As we shuffled into the living room, I took a seat on the couch next to Cole as the others filled in the remaining spots, which was easier now that eleven people were gone.
“Welcome to your final competition before the finals,” the producer, a woman named Bonnie, announced without preamble. “Each of you will be assigned a breakout hit song featured in a popular movie from the last forty years. You have complete freedom in how you want to do this. You can play it straight, trying to recapture the magic of the original, or you can reimagine it and make it your own. The only caveat is that we must still be able to recognize the original in it. Also, as always, you’re expected to show us something of yourself in this song. Even if you do a faithful cover, we still want to see you as an artist in your performance of it.”
More restrictive than the duet challenge, but I didn’t have to convince someone else how I wanted to perform the song, so I’d take it.
“As an added bonus,” she said, “you’re going to get more time with this one. You’ll have the rest of today, all day tomorrow, and the morning the day after to rehearse and prepare. Your performances will commence that evening where, as always, your judges will evaluate the performance on how it was informed by the original and how you showed yourself in it, as well as on the music itself and your stage performance.

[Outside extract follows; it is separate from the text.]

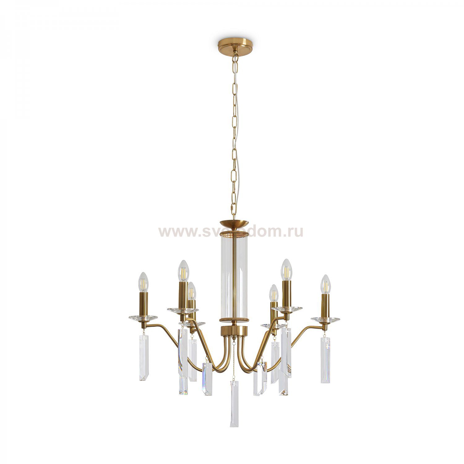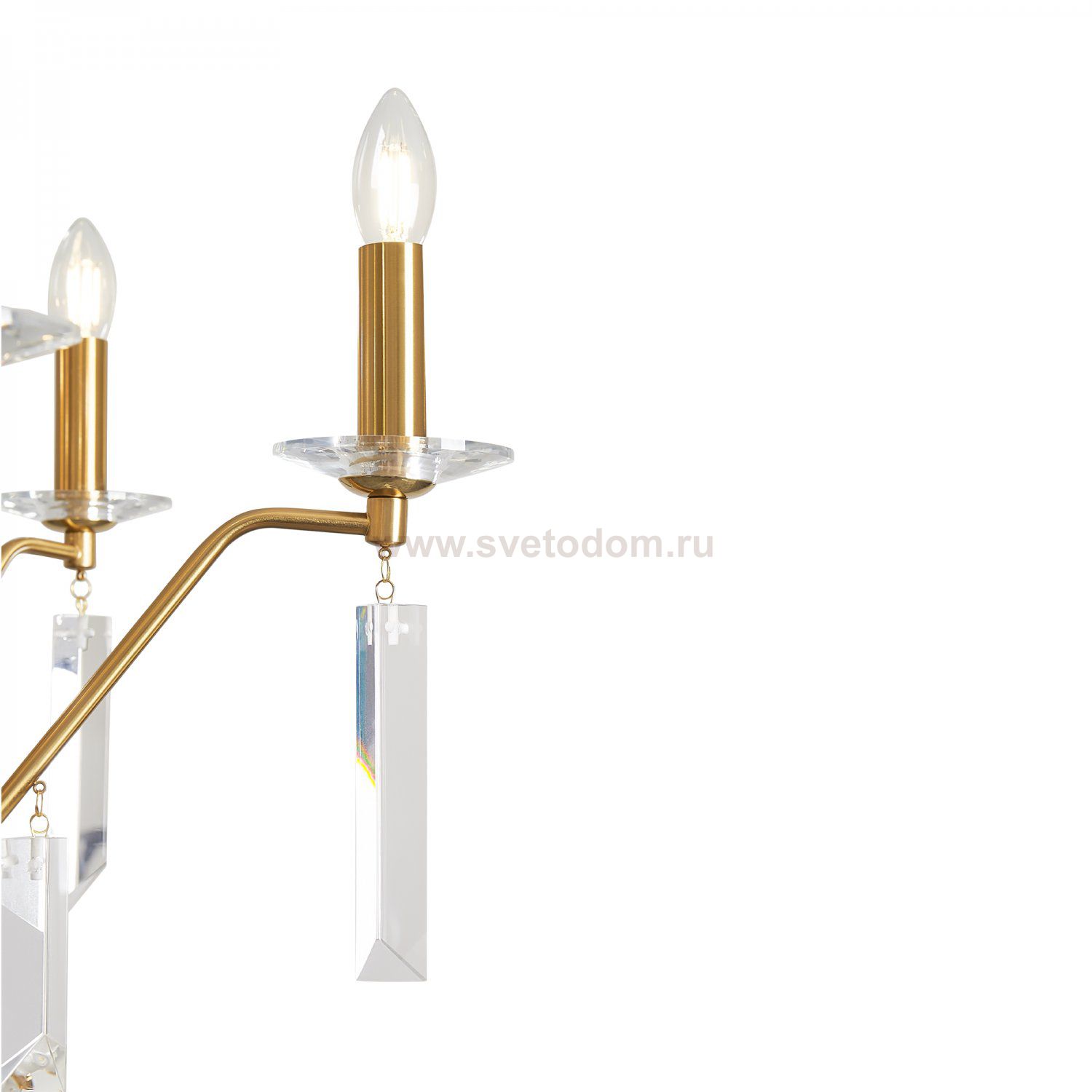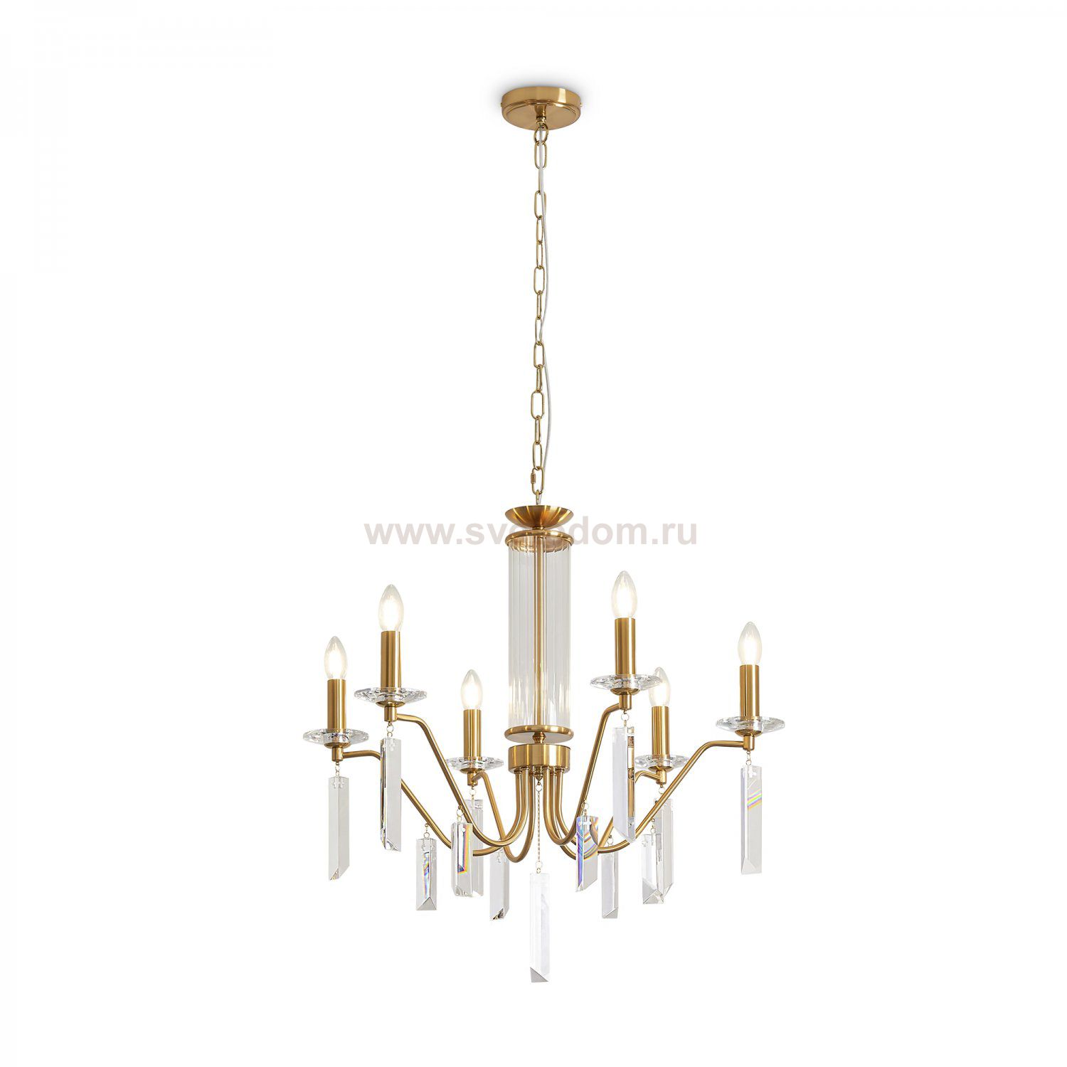 Материал арматуры — металл, цвет — никель или латунь. Подвесные светильники с цоколем E14. Доступны с пятью или шестью источниками света. Грани хрустальных подвесов создают эффект перелива радуги. Центральный декор из стеклянных трубок. Подходит для классических интерьеров.

You’re also going to have access to more control over the staging. We will have producers ready to talk to you about anything specific you want done in your performance and work it out. You’ll also be allowed some time the afternoon of the performance before the crowd and judges arrive, to rehearse your performance this time with your full presentation, to work out any timing issues.”
Everyone looked excited about that. Most had only played small stages, local coffee shops, or busked, and hadn’t had a chance for any big productions. While I appreciated that level of show, I’d only gotten the full thing a few times. It had been enough, though, to know it wasn’t my strong suit. Lyla was much better at spectacle than me, and for both the Charlotte show and when we opened for Linda, I’d let her take the lead on it. But, if everyone else was going big, then I needed to go just as hard.

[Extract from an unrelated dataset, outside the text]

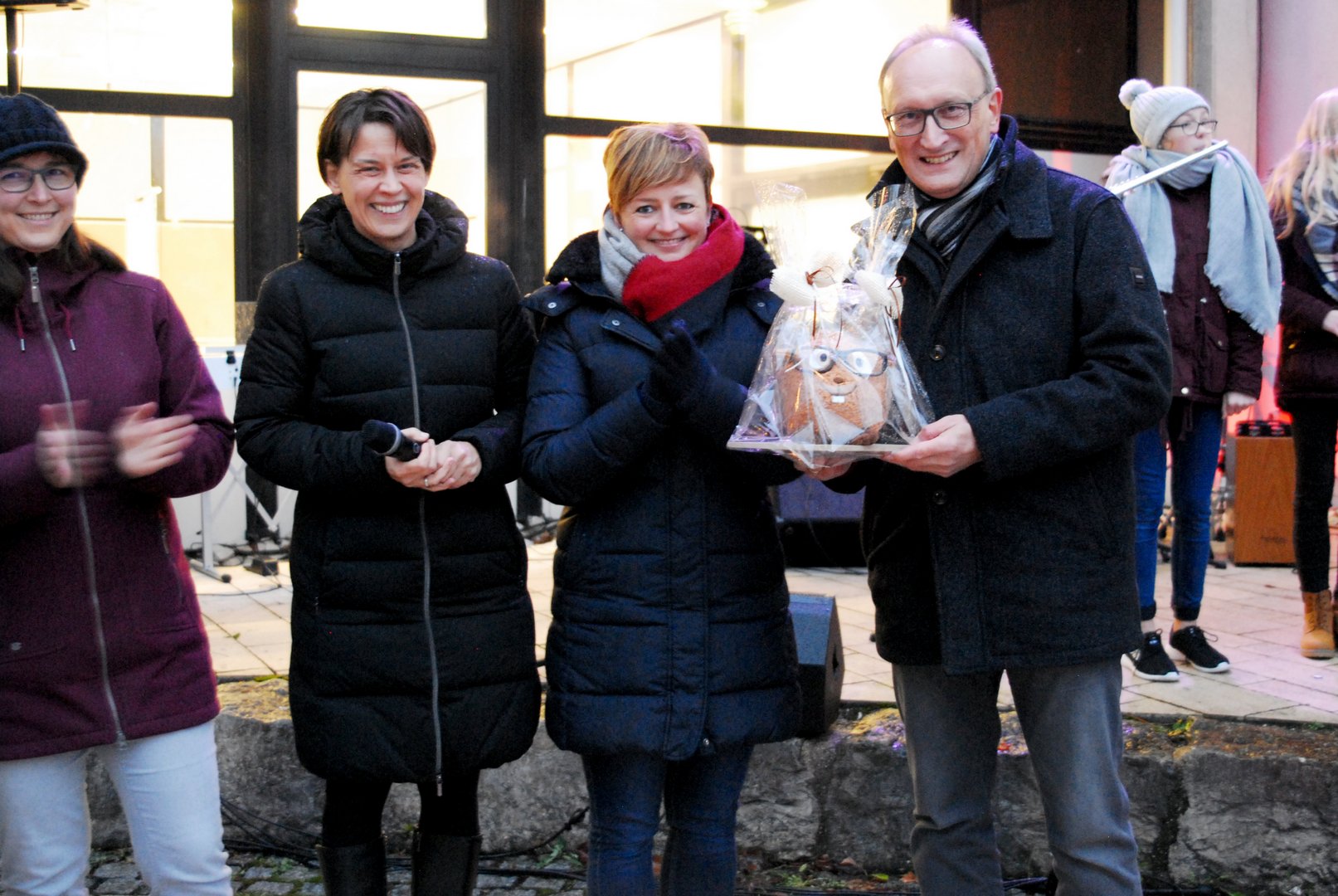 Direkt nach der Eröffnung des Weihnachtsmarktes durch eine Begrüßungsrede von Realschuldirektor Gerhard Härpfer konnte eine weitere Errungenschaft der Zusammenarbeit zwischen der Staatlichen Realschule Rain und der Stiftung St. Johannes vorgestellt werden: Das Schul-Maskottchen „Rainer, der Biber“ gibt es künftig auch als Plüschtier zum Kuscheln. Ein erstes Exemplar, hergestellt in den Werkstätten der Stiftung, hatte Frau Paus (stv. Geschäftsführerin der Stiftung St. Johannes) bereits dabei und konnte es Direktor Härpfer überreichen. Sie räumte ein, dass der Stofftier-Rainer eine wahre Herausforderung für die Mitarbeiter der Werkstätten dargestellt hatte - bisher hatte es ihn lediglich als Schlüsselanhänger oder auf Handyhüllen aufgedruckt gegeben.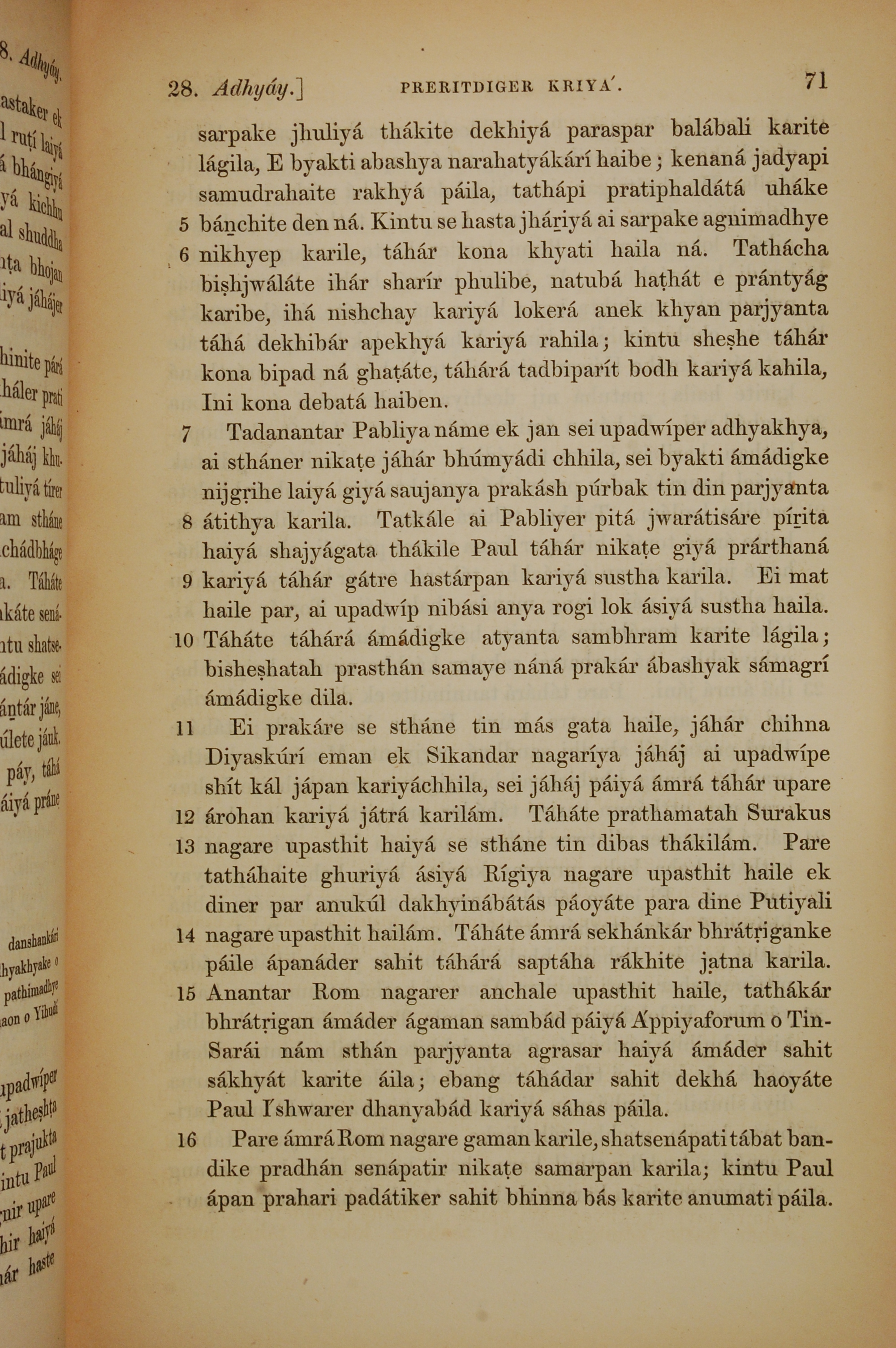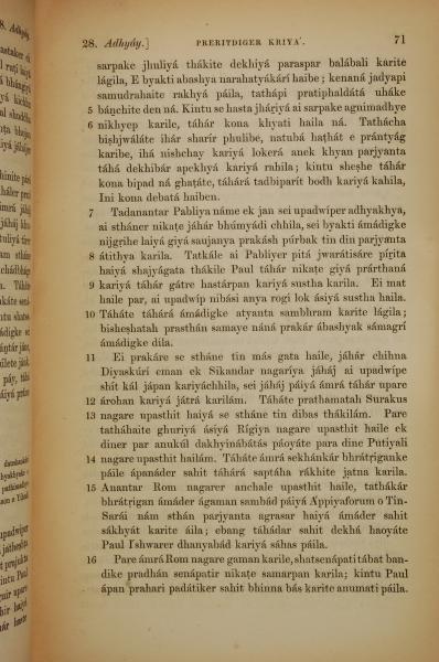 1839年孟加拉語新約全書 使徒行傳 28 章 5 節到 28 章 16 節

She started calling up people one at a time, telling them their movie. Cole got a romance from about ten years ago that had been huge. While I didn’t love the incredibly over-the-top ballad that had been everywhere that summer, I could think of some ways he could turn it a bit country and still make it work as a big country-style ballad instead of the more diva-driven pop song it was.
Just as Cole sat down, Bonnie held up a card and said, “Charlie, you’ve got ‘Shattered Dreams’ from the movie ‘Skyfire.’”
I was shocked and almost stumbled. So far, everyone had gotten songs from this millennium, but that was from like, the late eighties. True, it was one of the biggest movies ever made, enough so that even I knew about it, but I couldn’t imagine anyone asking for a reimagining of it. Worse, I did know ‘Shattered Dreams.’ It was the synth-heavy tear-jerker of a song with full orchestration and just huge R&B vibes, sung by a four-person group that did a ton of harmonies. It was an incredibly dated song, and really out of my style. I also couldn’t help but notice I was the only one who got a song done by a group, rather than a solo artist.
It almost felt like a kind of sabotage from the producers, although I hadn’t thought I’d done anything to upset them. Worse, I didn’t even have much time to think about it as they hustled us out the door to go to various recording spaces in and around the studio lot. I was on the lot this time, taken to a smaller recording stage not far from the sound stage where we filmed the performances.
As I stepped inside, I froze. Sitting on a stool by the mixing board was none other than Trey Mitchell, quite possibly the biggest celebrity in Hollywood. I knew I was doing a song from his movie, but he’d made it like forty years ago, and I was basically a nobody. At no point did I even consider they’d have someone from the movie here, let alone Trey Mitchell.
Mitchell glanced up from his phone and gave me a brilliant white smile, staring at me with those piercing blue eyes.
“Hey, Charlie,” he said, standing up from the stool and grabbing my hand, shaking it. “I understand you’re going to cover a song from ‘Skyfire.’ I tell ya, I don’t envy you that. Soul Express was something else back in the eighties. That song went huge, so it’s going to be big shoes to fill.”
“I … I’ll try my best,” I said, trying to get a hold of myself.
First JoDee Blanchard, now Trey Mitchell. It was kind of mind-blowing.
“So,” he said, waving me into the chair where the sound mixer would normally sit. “The producers of the show asked me to come down and give you some thoughts on the movie, maybe answer some questions about it, and see if it helped you really get the feel of it. I guess they hope I’d be able to tell you the secret of how that song got so big, but I swear, I’ve never been a music guy; what you all do is a little like magic to me. I just stand in front of a camera and play make-believe.”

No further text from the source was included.